This one again is hardware specific, right? If so, it should go
together with what I call fsl834x_vq above.

> +/*----------------------------------------------------------------------------*/
> +/* Local descriptor ring access helpers                                       */
> +/*----------------------------------------------------------------------------*/
> +
> +static void vop_set_desc_addr(struct vop_vq *vq, unsigned int idx, u32 addr)
> +{
> +	vq->desc[idx].addr = addr;
> +}
> +
> +static void vop_set_desc_len(struct vop_vq *vq, unsigned int idx, u32 len)
> +{
> +	vq->desc[idx].len = len;
> +}
> +
> +static void vop_set_desc_flags(struct vop_vq *vq, unsigned int idx, u16 flags)
> +{
> +	vq->desc[idx].flags = flags;
> +}
> +
> +static void vop_set_desc_next(struct vop_vq *vq, unsigned int idx, u16 next)
> +{
> +	vq->desc[idx].next = next;
> +}
> +
> +static u16 vop_get_desc_flags(struct vop_vq *vq, unsigned int idx)
> +{
> +	return vq->desc[idx].flags;
> +}
> +
> +static u16 vop_get_desc_next(struct vop_vq *vq, unsigned int idx)
> +{
> +	return vq->desc[idx].next;
> +}

I don't quite get the point in these accessors. Calling one of these
functions would be longer than open-coding the content.

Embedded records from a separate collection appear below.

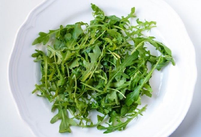 - Собираем салат. Сразу на тарелку выкладываем рукколу.
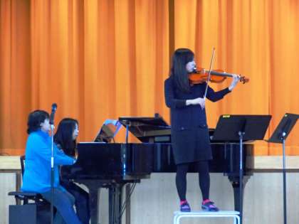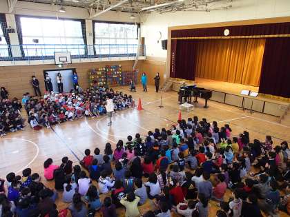 1月16日の音楽朝会は喜多見小の先生やこどもたちの有志によるコンサートでした。このときばかりは寒い体育館も熱気溢れるコンサート会場となりました。
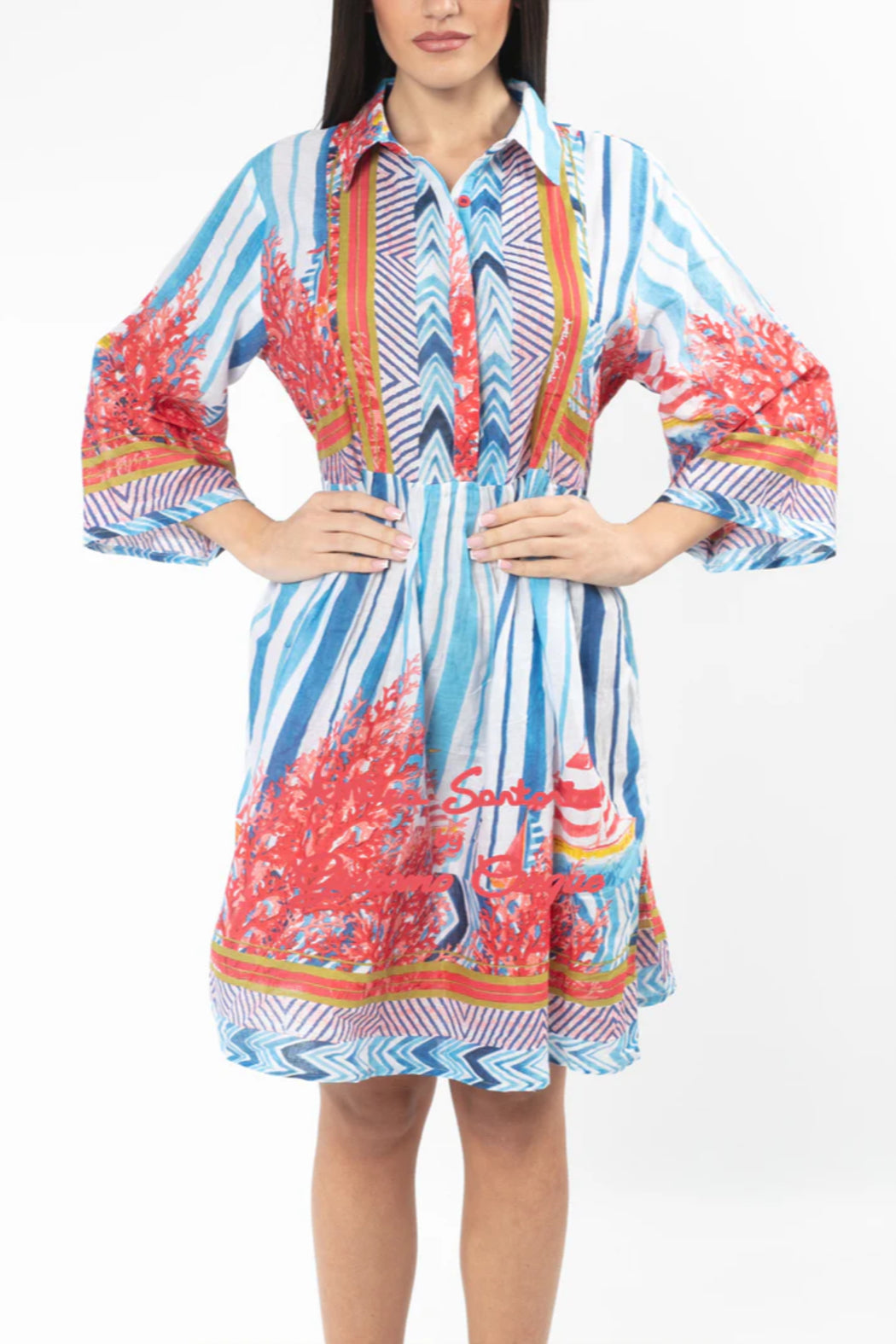 Sheer comforts, this dress has it all. a modest neckline, a flowy waist, and sleeves to keep the harsh sunbeams off-- all while staying light and airy!
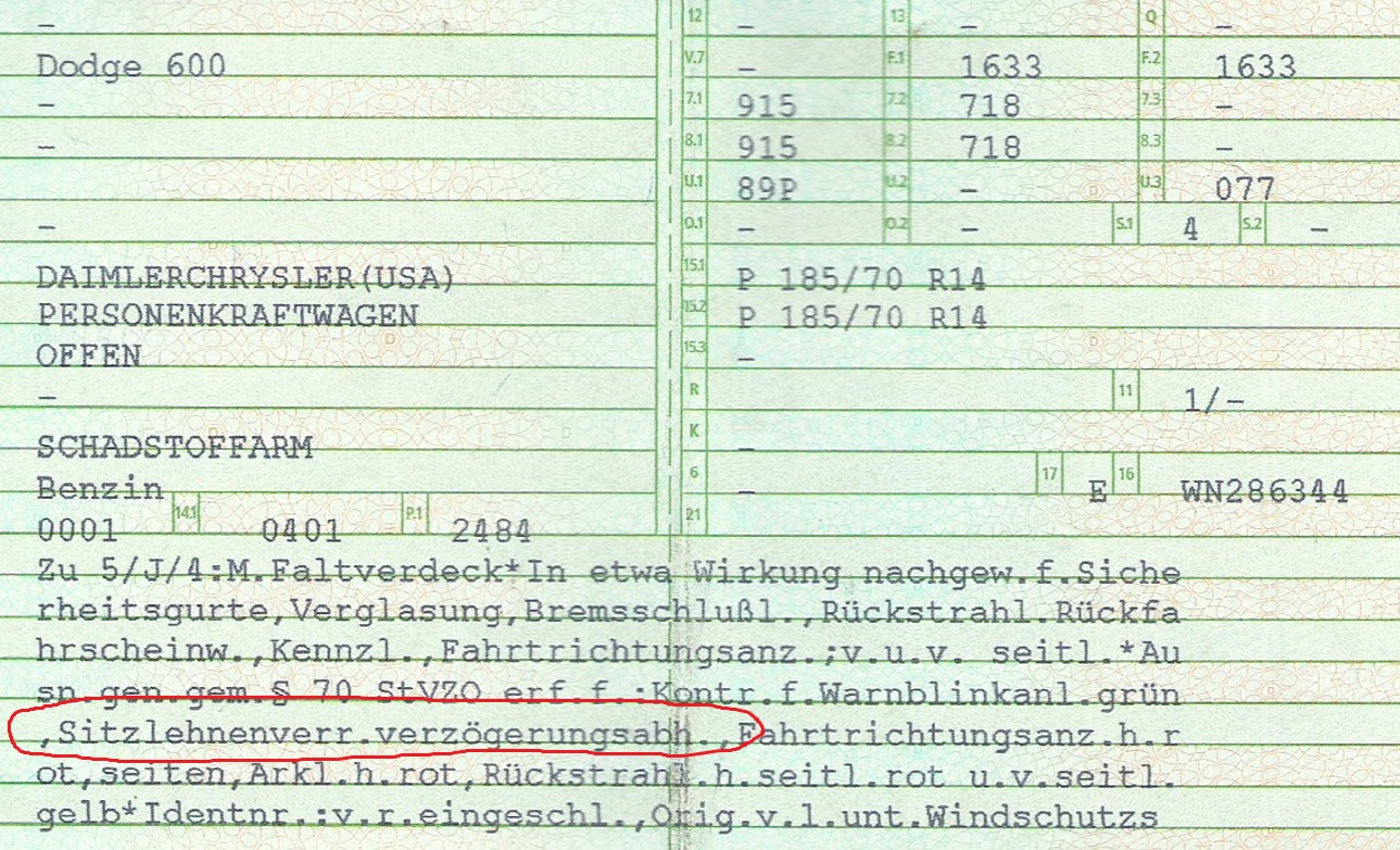 | Schlüsselwörter: | Sitzlehnenarretierung |
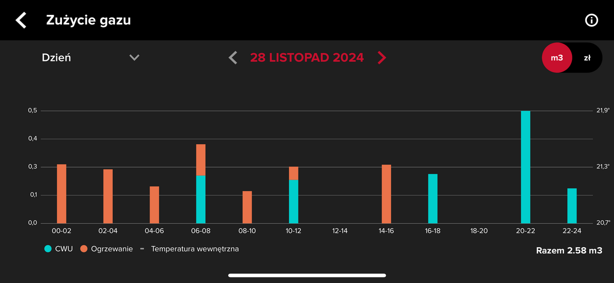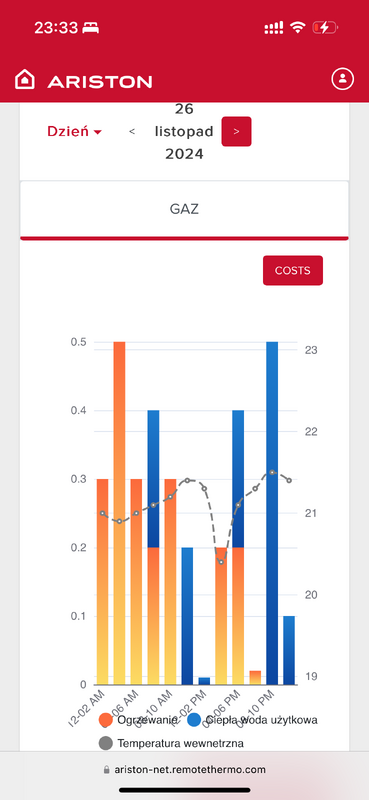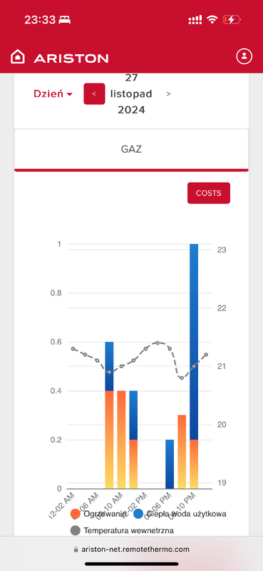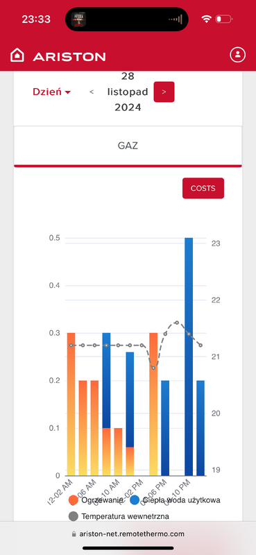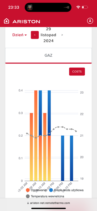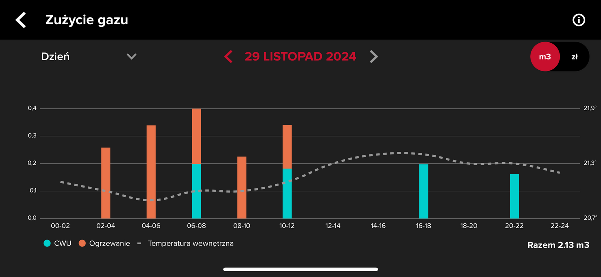 Nie zmieniałam żadnych ustawień. Obecnie są takie: Parametr Wartość Krzywa grzewcza 0,3 Przesunięcie krzywej 0 Minimalna temperatura 20 Harmonogram temperatury Dzień: 21 Noc: 21 Bieg pompy 2 Temperatura zewnętrzna 28.11/28.11 6/4 Zużycie gazu 28.11- 1,25; 29.11 -1,2 Poniżej zamieszczam wykresy za dwa dni prezentują te same dane na dwa sposoby. Dzisiaj udało mi się zaobserwować dwa ostatnie cykle pieca 11:02 włączył się 11:03 wyłączył się i przeszedł na postcyrkulacje, powód temperatura powrotu 24, temp zasilania 24, zadana 24 (pomieszczenia 21) 11:06 włączył się, zszedł z mocą na minimum 11:10 włączył się, temp pomieszczenia 23,3, już się nie włączył. -

> +/*----------------------------------------------------------------------------*/
> +/* Scatterlist DMA helpers                                                    */
> +/*----------------------------------------------------------------------------*/
> +
> +/*
> + * This function abuses some of the scatterlist code and implements
> + * dma_map_sg() in such a way that we don't need to keep the scatterlist
> + * around in order to unmap it.
> + *
> + * It is also designed to never merge scatterlist entries, which is
> + * never what we want for virtio.
> + *
> + * When it is time to unmap the buffer, you can use dma_unmap_single() to
> + * unmap each entry in the chain. Get the address, length, and direction
> + * from the descriptors! (keep a local copy for speed)
> + */

Why is that an advantage over dma_unmap_sg?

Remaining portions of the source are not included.